═══ Extracted records

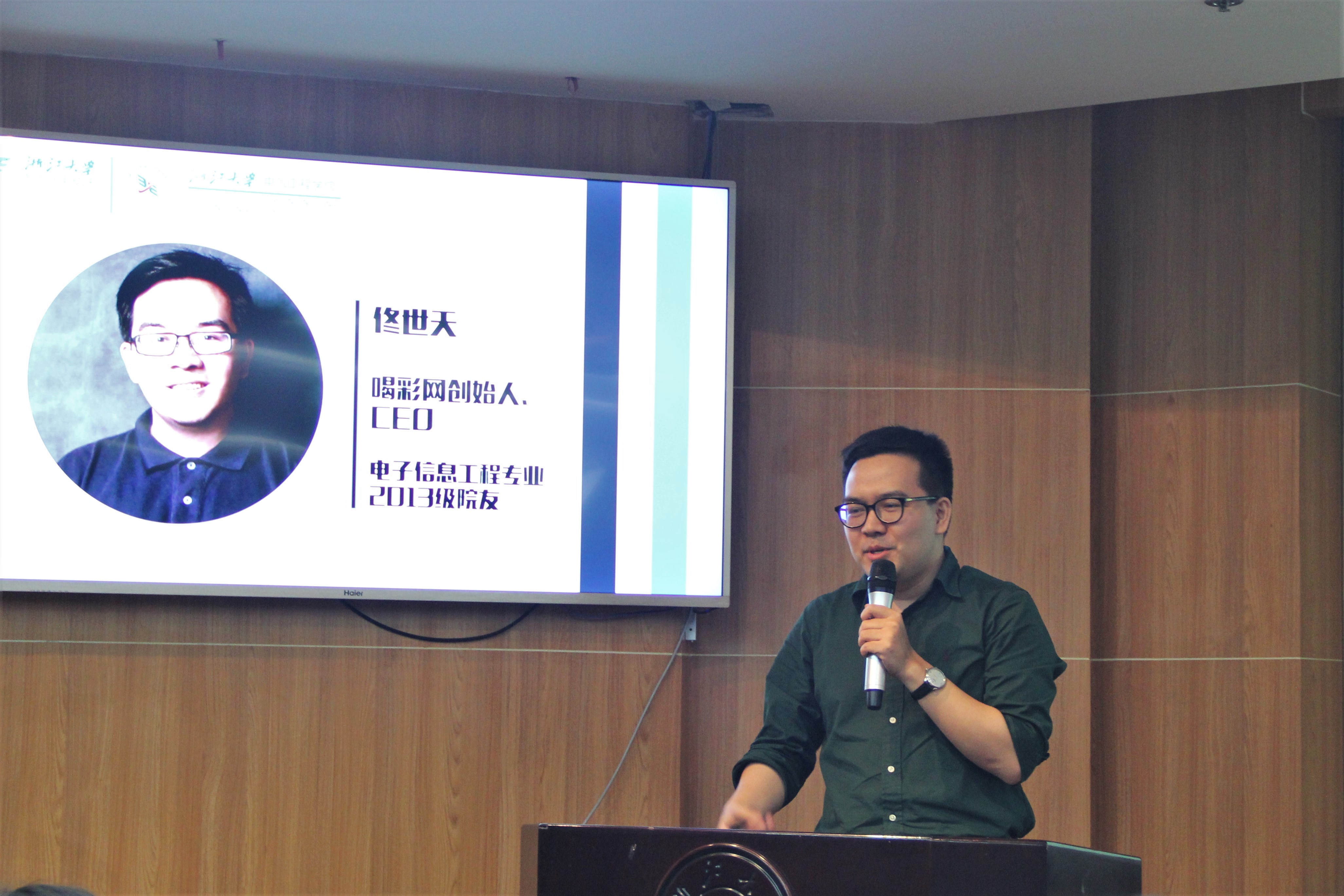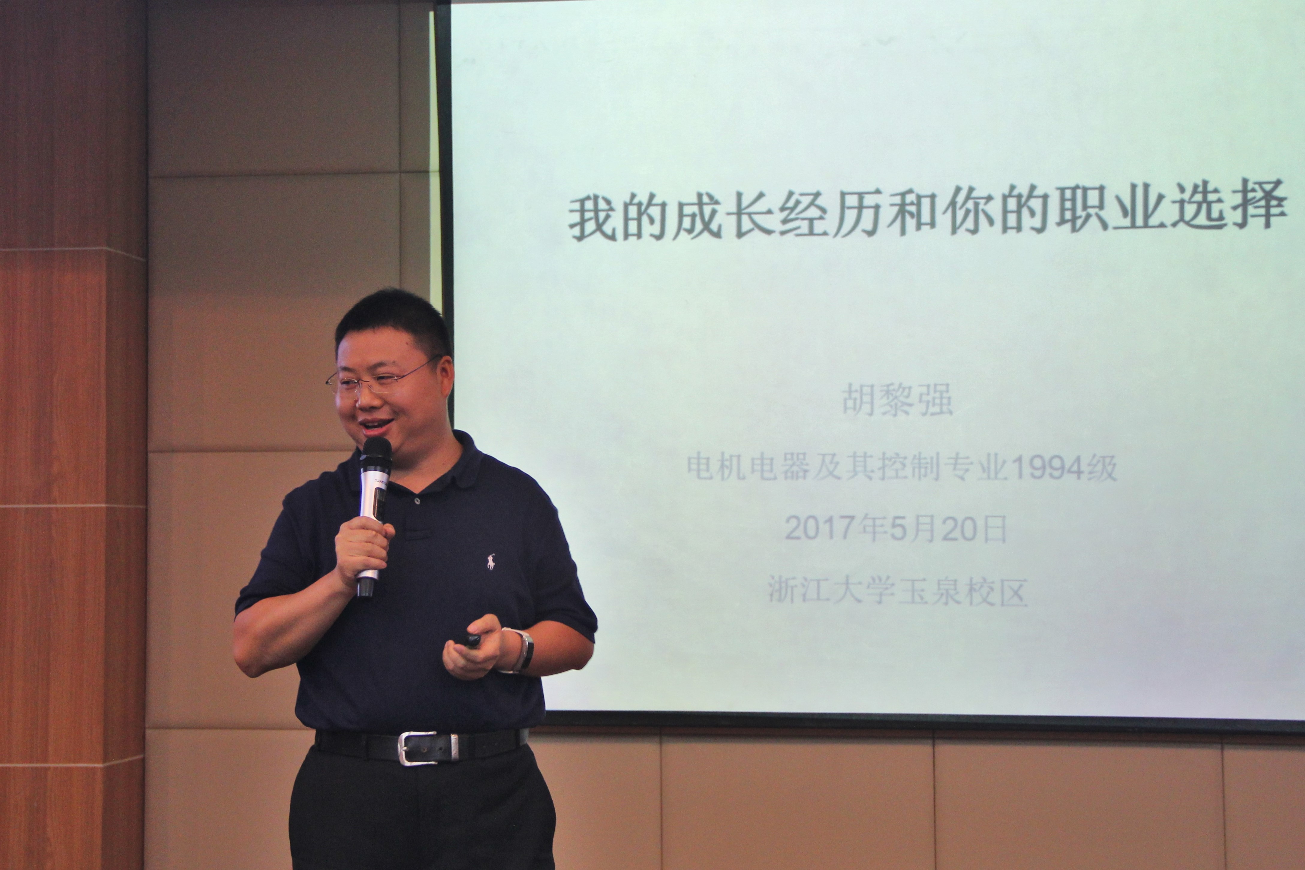 80后创业代表段威学长从纽约经广州赶到杭州,从纽约的帝国大厦,到广州的广州塔,再到杭州的钱江新城,一路上所到之处都会陆续为浙大点灯,心中有着跟我们一样满满的自豪。段学长的分享主题为“思考在前面的事”,段学长结合他当年的职业选择——舍弃了大外企的offer,投向了不被认可的华为海外市场和后来的UC,这段经历让他坚信移动互联网的巨大发展潜力,他将其归结为“选择决定高度”、“执行决定成败”,希望同学们能够正确认识自己,选择真正适合自己的行业和职业。
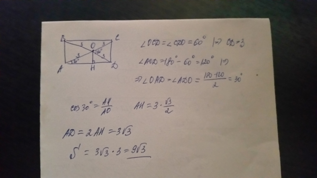 Дан прямоугольник ABCD, в котором O - точка пересечения диагоналей, OC = 3 cм, а m (<COD)= 60 градусов. Найди площадь прямоугольника ABCD.
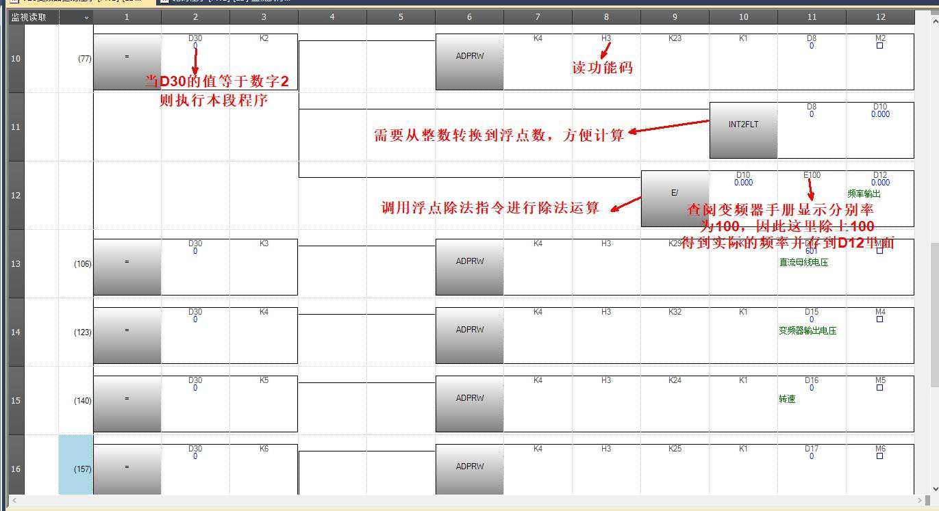 2.)三菱变频器专用指令ADPRW的解析:
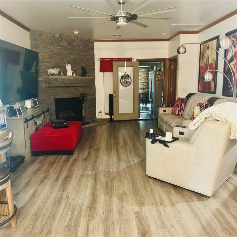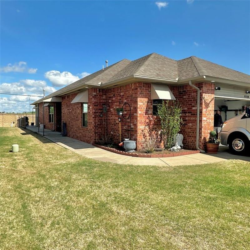 DON'T MISS THIS MUST-SEE HOME! This lovely home Iocated in the gated community of Santa Fe Villas II has been completely updated. It offers a large living room with beautiful flooring and brick fireplace. The primary bedroom is large with a huge walk-through closet connecting to the spacious laundry room. This home has all the extras including new stainless steel appliances, granit countertops throughout the home with new fixtures. The enclosed patio has heat and air and is perfect for morning coffee or could be a home office. The uses are limited to your imagination. In the garage, you will find a large custom-built above-ground storm shelter for the Oklahoma storm season. For your added safety and convenience there is a whole-home Generac Generator to ensure you are never without power. Adding additional beauty, there are awnings on the exterior of the home over the windows. The storage here is abundant. This is a gated community with large ponds with fountains conveniently located near I-240, i-35 and I-44, making your commute to and from work quick and easy with shopping and entertainment just minutes away. Don't miss your opportunity to own this great home. This home has been well-maintained and won't last long! HOA mows front and back yard, along with maintaining all the greenbelt common areas; however, the backyard here is turf, The seller is leaving the refrigerator. The orange cabinet in the garage is reserved along with the seller's personal items. The buyer is to verify the schools. Schedule your tour today. Professional photos to follow.
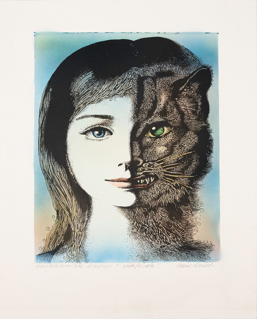 4544344. HANS ARNOLD. “Cat girl”, hand coloured, signed.
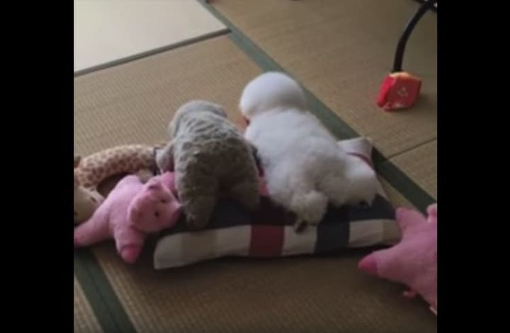 これは萌える。犬のぬいぐるみがふたつ?と思ったら
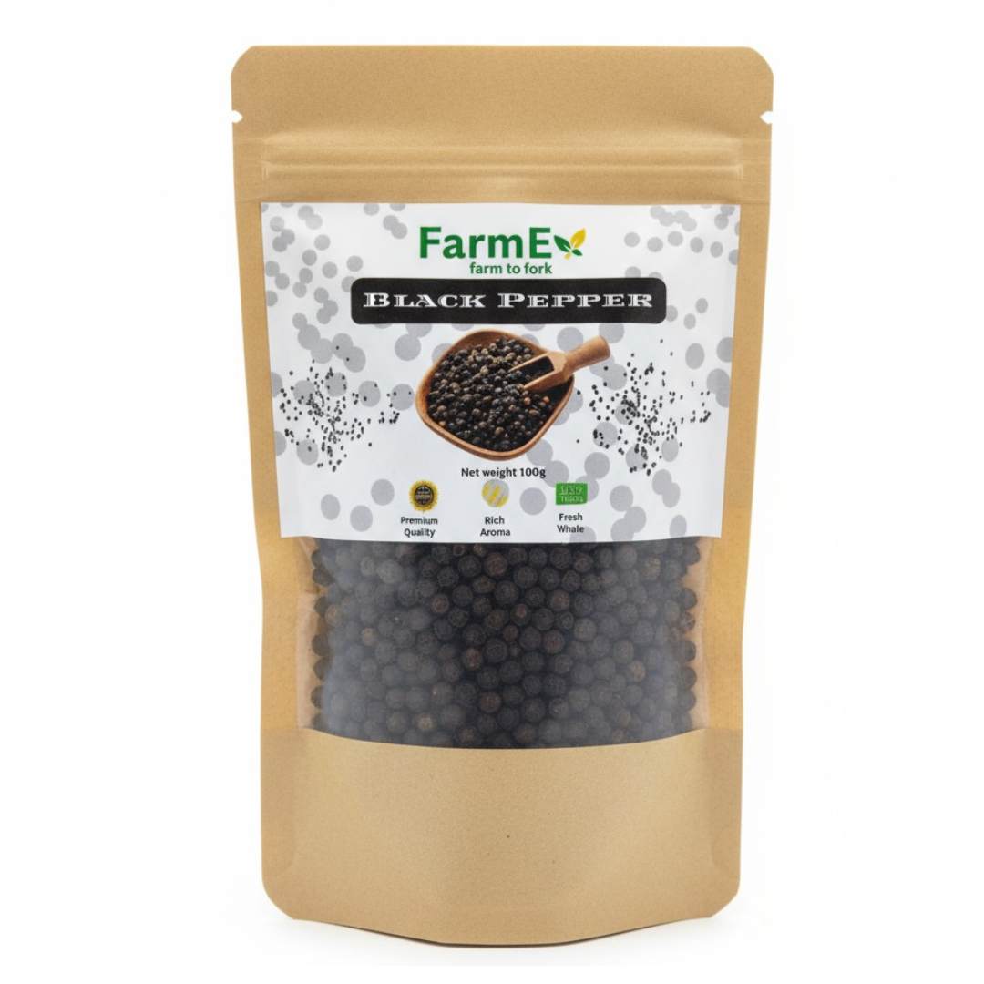 Premium black pepper, handpicked for bold flavor and natural aroma. A rich source of antioxidants that enhances taste and supports wellness.
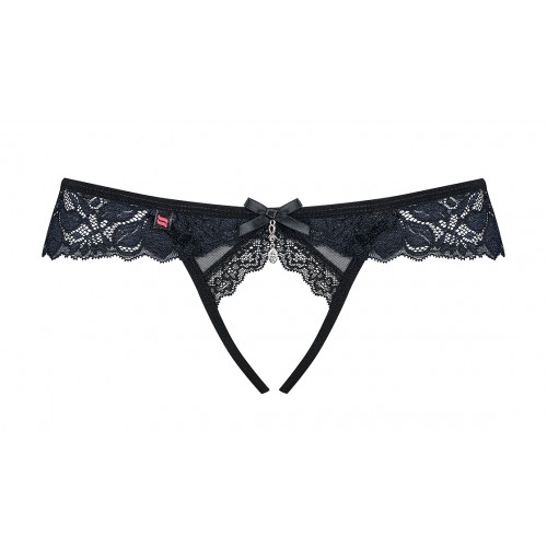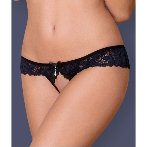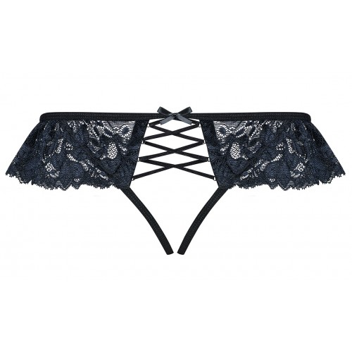 Детали: трусики чрезвычайно пикантного дизайна, пояс из темно-синего кружева с добавлением черного кружева - чувственное сочетание, открытая промежность - низ трусиков выполнен только из эластичных лямок - залог незабываемых ощущений, бант и подвеска спереди, бантик и скрещенные резинки на ягодицах - сексуальный вид, эластичные, идеально облегающие ткани.
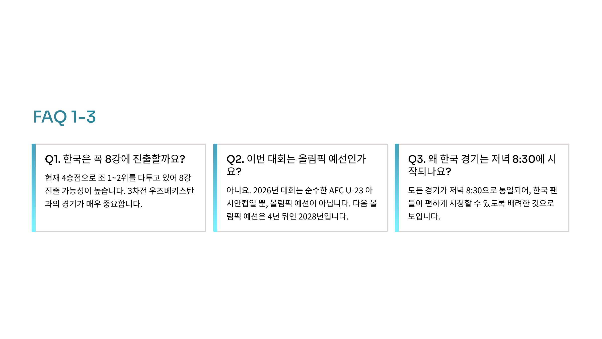A. 아니요. 2026년 대회는 순수한 AFC U-23 아시안컵일 뿐, 올림픽 예선이 아닙니다. 다음 올림픽 예선은 4년 뒤인 2028년입니다.
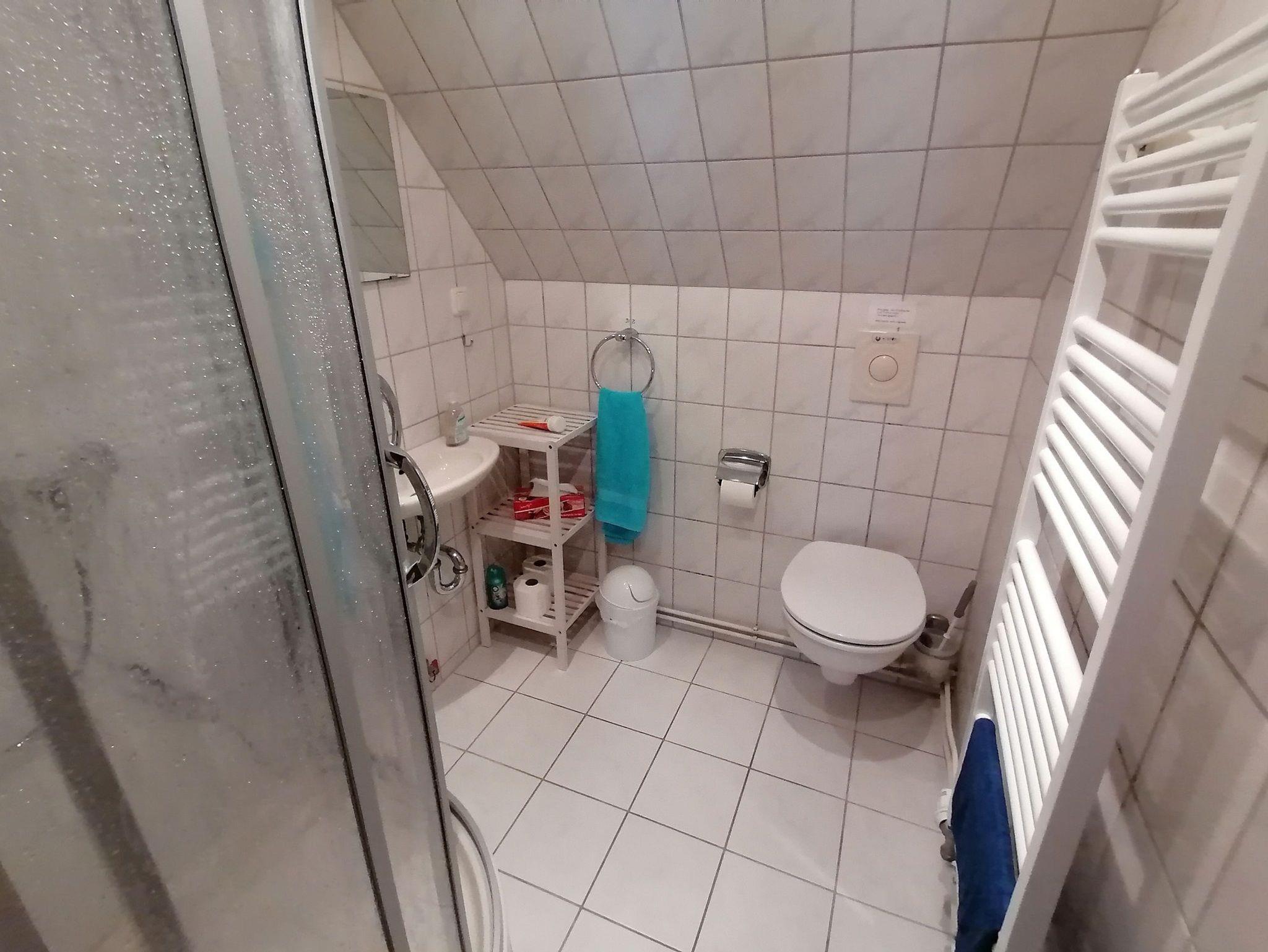 Dusche und WC befinden sich auf der Etage und werden gemeinsam mit einem weiteren Gästezimmer genutzt.
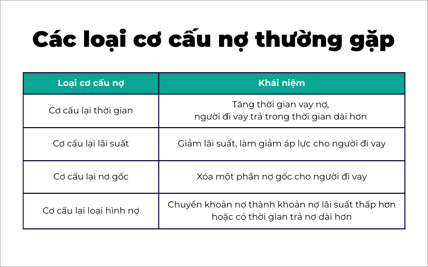 Điều này thường bao gồm việc điều chỉnh kỳ hạn trả nợ, gia hạn thời gian nợ hoặc thay đổi lãi suất. Việc tái cơ cấu nợ không chỉ giúp người vay có cơ hội duy trì hoạt động tài chính mà còn thể hiện sự linh hoạt từ phía ngân hàng hoặc tổ chức tín dụng.
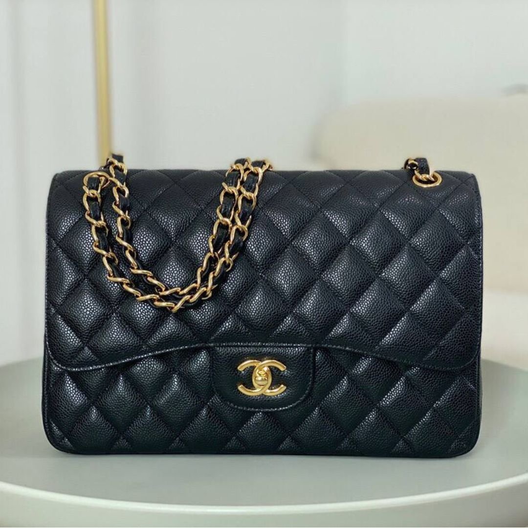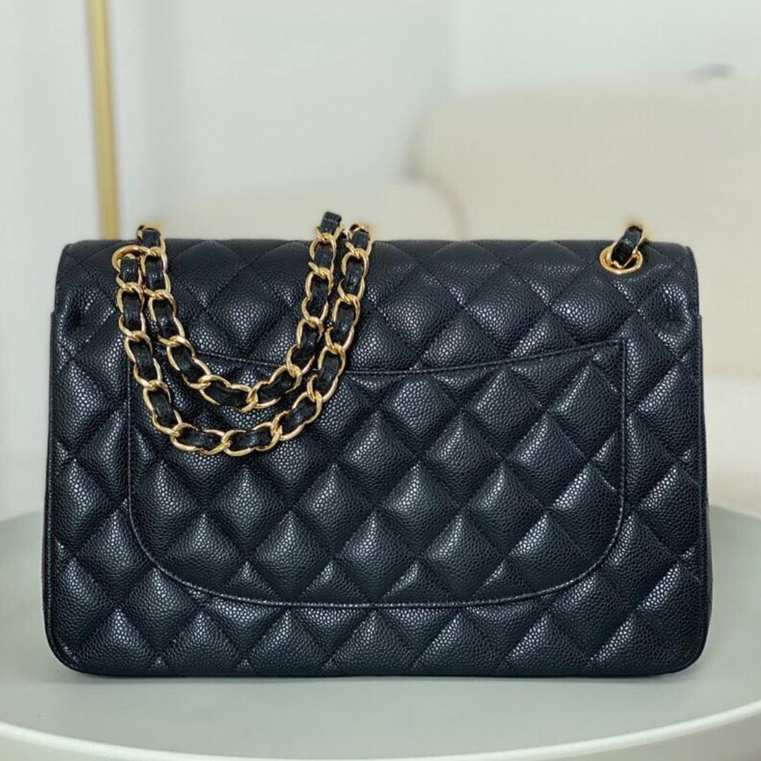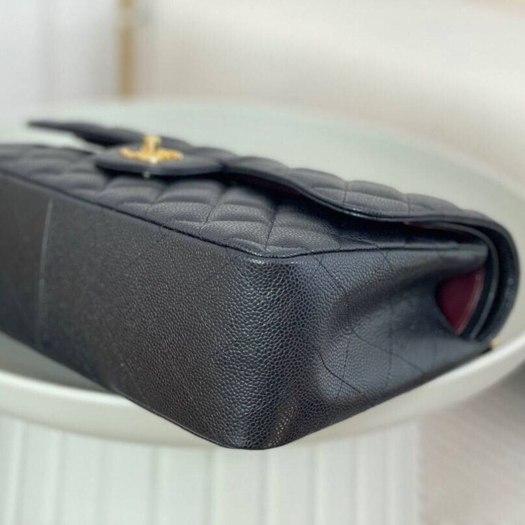 ● Logo: Interlocking double C on front, “Chanel Paris” engraving on inside flap
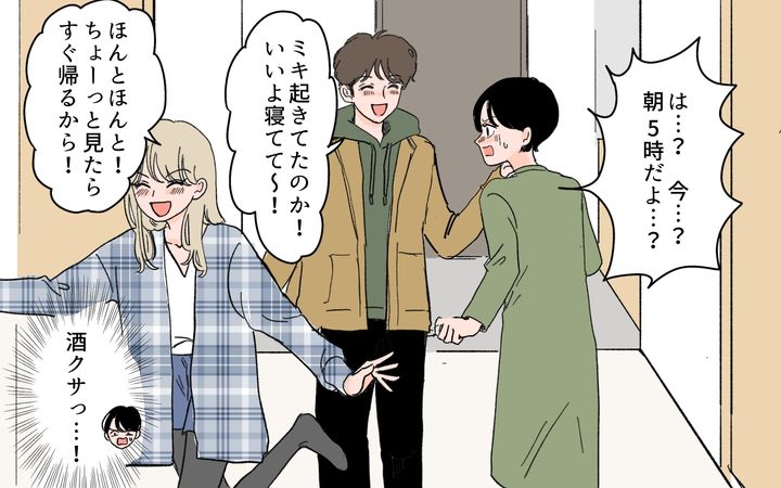 朝5時に酔っ払って女友だちを連れてくる夫…非常識な行動に妻の怒りが爆発!<男女の友情は成立する? 6話>【夫婦の危機 まんが】

══════

Work item
Leaving images out, please output every line of the data exactly.

Written answer
 80后创业代表段威学长从纽约经广州赶到杭州,从纽约的帝国大厦,到广州的广州塔,再到杭州的钱江新城,一路上所到之处都会陆续为浙大点灯,心中有着跟我们一样满满的自豪。段学长的分享主题为“思考在前面的事”,段学长结合他当年的职业选择——舍弃了大外企的offer,投向了不被认可的华为海外市场和后来的UC,这段经历让他坚信移动互联网的巨大发展潜力,他将其归结为“选择决定高度”、“执行决定成败”,希望同学们能够正确认识自己,选择真正适合自己的行业和职业。
 Дан прямоугольник ABCD, в котором O - точка пересечения диагоналей, OC = 3 cм, а m (<COD)= 60 градусов. Найди площадь прямоугольника ABCD.
 2.)三菱变频器专用指令ADPRW的解析:
 DON'T MISS THIS MUST-SEE HOME! This lovely home Iocated in the gated community of Santa Fe Villas II has been completely updated. It offers a large living room with beautiful flooring and brick fireplace. The primary bedroom is large with a huge walk-through closet connecting to the spacious laundry room. This home has all the extras including new stainless steel appliances, granit countertops throughout the home with new fixtures. The enclosed patio has heat and air and is perfect for morning coffee or could be a home office. The uses are limited to your imagination. In the garage, you will find a large custom-built above-ground storm shelter for the Oklahoma storm season. For your added safety and convenience there is a whole-home Generac Generator to ensure you are never without power. Adding additional beauty, there are awnings on the exterior of the home over the windows. The storage here is abundant. This is a gated community with large ponds with fountains conveniently located near I-240, i-35 and I-44, making your commute to and from work quick and easy with shopping and entertainment just minutes away. Don't miss your opportunity to own this great home. This home has been well-maintained and won't last long! HOA mows front and back yard, along with maintaining all the greenbelt common areas; however, the backyard here is turf, The seller is leaving the refrigerator. The orange cabinet in the garage is reserved along with the seller's personal items. The buyer is to verify the schools. Schedule your tour today. Professional photos to follow.
 4544344. HANS ARNOLD. “Cat girl”, hand coloured, signed.
 これは萌える。犬のぬいぐるみがふたつ?と思ったら
 Premium black pepper, handpicked for bold flavor and natural aroma. A rich source of antioxidants that enhances taste and supports wellness.
 Детали: трусики чрезвычайно пикантного дизайна, пояс из темно-синего кружева с добавлением черного кружева - чувственное сочетание, открытая промежность - низ трусиков выполнен только из эластичных лямок - залог незабываемых ощущений, бант и подвеска спереди, бантик и скрещенные резинки на ягодицах - сексуальный вид, эластичные, идеально облегающие ткани.
A. 아니요. 2026년 대회는 순수한 AFC U-23 아시안컵일 뿐, 올림픽 예선이 아닙니다. 다음 올림픽 예선은 4년 뒤인 2028년입니다.
 Dusche und WC befinden sich auf der Etage und werden gemeinsam mit einem weiteren Gästezimmer genutzt.
 Điều này thường bao gồm việc điều chỉnh kỳ hạn trả nợ, gia hạn thời gian nợ hoặc thay đổi lãi suất. Việc tái cơ cấu nợ không chỉ giúp người vay có cơ hội duy trì hoạt động tài chính mà còn thể hiện sự linh hoạt từ phía ngân hàng hoặc tổ chức tín dụng.
 ● Logo: Interlocking double C on front, “Chanel Paris” engraving on inside flap
 朝5時に酔っ払って女友だちを連れてくる夫…非常識な行動に妻の怒りが爆発!<男女の友情は成立する? 6話>【夫婦の危機 まんが】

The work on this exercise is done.